## TASK ITEM
Beginning with the line that includes "ณ บริเวณลานพระบรมราชานุสาวรีย์ พ่อขุนรามคำแหงมหาราช", return every remaining line of the material exactly as it reads, but not the pictures.

## RECORDED INFORMATION

========

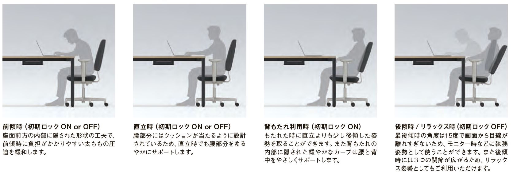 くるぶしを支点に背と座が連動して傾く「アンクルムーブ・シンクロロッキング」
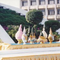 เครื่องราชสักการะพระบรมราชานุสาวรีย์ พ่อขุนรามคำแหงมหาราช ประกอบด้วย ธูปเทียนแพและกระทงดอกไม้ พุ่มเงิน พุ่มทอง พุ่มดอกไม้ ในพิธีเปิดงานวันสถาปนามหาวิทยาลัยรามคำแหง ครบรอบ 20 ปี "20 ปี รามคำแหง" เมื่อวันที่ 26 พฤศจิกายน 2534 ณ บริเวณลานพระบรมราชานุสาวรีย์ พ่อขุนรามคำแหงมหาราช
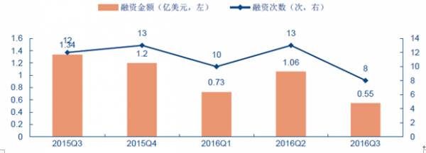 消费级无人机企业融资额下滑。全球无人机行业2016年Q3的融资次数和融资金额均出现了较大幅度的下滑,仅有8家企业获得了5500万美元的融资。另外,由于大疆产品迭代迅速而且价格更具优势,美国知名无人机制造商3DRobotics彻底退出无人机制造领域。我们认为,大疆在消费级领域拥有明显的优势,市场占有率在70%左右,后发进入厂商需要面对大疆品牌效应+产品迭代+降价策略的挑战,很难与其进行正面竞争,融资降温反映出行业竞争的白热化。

========

## ANSWER TO THE EXERCISE
 เครื่องราชสักการะพระบรมราชานุสาวรีย์ พ่อขุนรามคำแหงมหาราช ประกอบด้วย ธูปเทียนแพและกระทงดอกไม้ พุ่มเงิน พุ่มทอง พุ่มดอกไม้ ในพิธีเปิดงานวันสถาปนามหาวิทยาลัยรามคำแหง ครบรอบ 20 ปี "20 ปี รามคำแหง" เมื่อวันที่ 26 พฤศจิกายน 2534 ณ บริเวณลานพระบรมราชานุสาวรีย์ พ่อขุนรามคำแหงมหาราช
 消费级无人机企业融资额下滑。全球无人机行业2016年Q3的融资次数和融资金额均出现了较大幅度的下滑,仅有8家企业获得了5500万美元的融资。另外,由于大疆产品迭代迅速而且价格更具优势,美国知名无人机制造商3DRobotics彻底退出无人机制造领域。我们认为,大疆在消费级领域拥有明显的优势,市场占有率在70%左右,后发进入厂商需要面对大疆品牌效应+产品迭代+降价策略的挑战,很难与其进行正面竞争,融资降温反映出行业竞争的白热化。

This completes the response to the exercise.